Community college administrators are better positioned than ever to make decisions about adopting programs based on their effectiveness, with a growing evidence base about interventions that increase graduation rates and put students on the track to labor market success. However, figuring out how to pay for new programs is challenging, particularly in the wake of drastic declines in enrollment.
A new tool developed by MDRC, a nonprofit, nonpartisan research firm, allows college administrators to estimate both the costs of new interventions and the potential increased revenue that can be realized when programs increase rates of student persistence. The free tool creates return-on-investment estimates based on customized regional prices, college expenditures, tuition rates, and state funding models.
It goes without saying that student success interventions—such as tutoring, robust advising, and financial assistance—cost money. However, higher education leaders often lack the tools to accurately quantify the revenue generated by interventions that improve outcomes for students—more students persisting means more students taking courses.
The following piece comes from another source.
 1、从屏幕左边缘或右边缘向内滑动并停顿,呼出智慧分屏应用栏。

This revenue comes primarily from two sources:
- Additional tuition and fees from increased credit-taking. Since most tuition and fees at community colleges are covered by state and federal grants, this is largely a transfer from governments, not from students.
- Additional state funding for public institutions in states that allocate funding based on enrollment and other outcomes.
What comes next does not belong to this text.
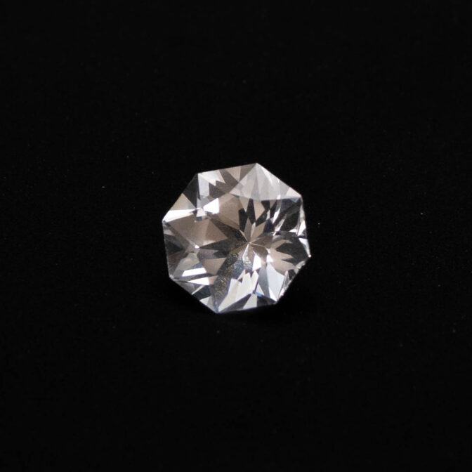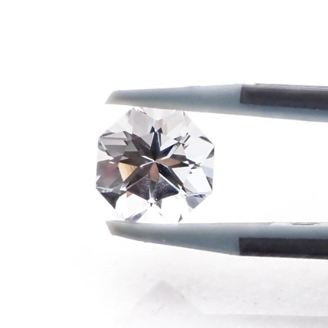 ダンビュライトが素晴らしいのは硬度が7もあり、複雑なカットにも耐える強度があること。その上、劈開(一方向に割れやすい性質。カイヤナイトなどがそうですね。)がほとんどなくとても扱いやすい石でもあります。その代わり、その透明さを輝きの強さを引き出すには正確なカットと丁寧な研磨が必要。これがないと、お手頃なクォーツでいいんじゃない?となってしまいます。美しく複雑なカットが施されてこそ光ががやくことができる石なのです。

The new revenue realized from improving student outcomes can help offset some of the costs of these interventions for colleges, lowering the “sticker price” of these programs. In fact, for more modest interventions, the increased revenue can completely recoup the college’s original investment. For example, using an information campaign paired with a last-dollar scholarship grant, the Encouraging Additional Summer Enrollment (EASE) program has positive effects on summer enrollment and credit accumulation for Pell-eligible community college students—effectively paying for itself at most community colleges.
While there is only evidence for EASE’s impacts on short-term (i.e., not completion) outcomes, comprehensive programs that dramatically improve college completion rates like CUNY ASAP also cost less than people may realize, especially in states that allocate additional funding for higher persistence and graduation outcomes.
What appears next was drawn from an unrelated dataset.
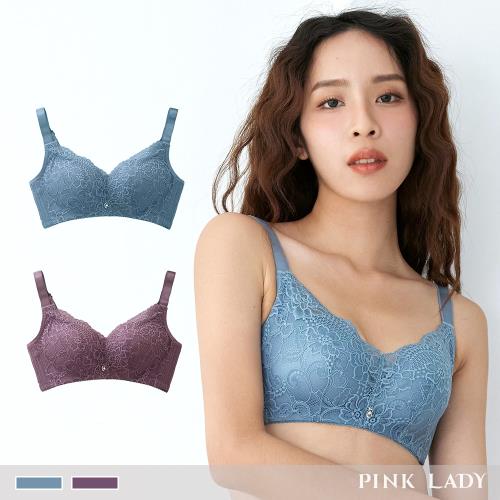 【PINK LADY】A-B罩杯 幽藍花徑 無鋼圈下厚上薄微加厚 單件內衣(女內衣/包覆/集中/蕾絲/雙膠條) 9030

It is important to acknowledge, however, that we’re talking here only about the costs and revenues incurred by the colleges. Of course, there are also important benefits from effective student success programs realized by the students, their families, the local community, and society at large. These can be difficult to measure, but efforts to quantify these broader benefits across stakeholders suggest that the long-term benefits of highly successful programs like ASAP can surpass the costs of sustaining the program.
Administrators armed with better information about the financial implications of their decisions can work more effectively in service of improving the academic, social, and economic outcomes of their students. However, community college administrators need better access to state funding formula documentation to align institution-level and state-level priorities.
State funding formulas vary widely in the student populations they prioritize and the specific outcomes they reward. Understanding one’s state funding model and aligning practices with it can make interventions more financially sustainable; MDRC’s new tool can help accomplish this goal.
For instance, many states and colleges now have initiatives in place concentrating on student populations who have been historically marginalized in higher education settings, which are reflected as “equity premiums” in some state funding models. These equity premiums provide additional funding for enrollments or outcomes by specific groups of students, such as students from low-income backgrounds, students of color, or students from rural areas.
Community college leaders always face the challenge of balancing their mission to promote student success with persistent resource constraints. New federal investments in evidence-based programs for improving retention and completion rates are an important step forward. By accounting for the revenue resulting from effective student success programs, college administrators can better estimate their real costs, create a stronger case for making these investments, and help their students achieve their goals.
Colin Hill is a research analyst in the postsecondary education division at MDRC.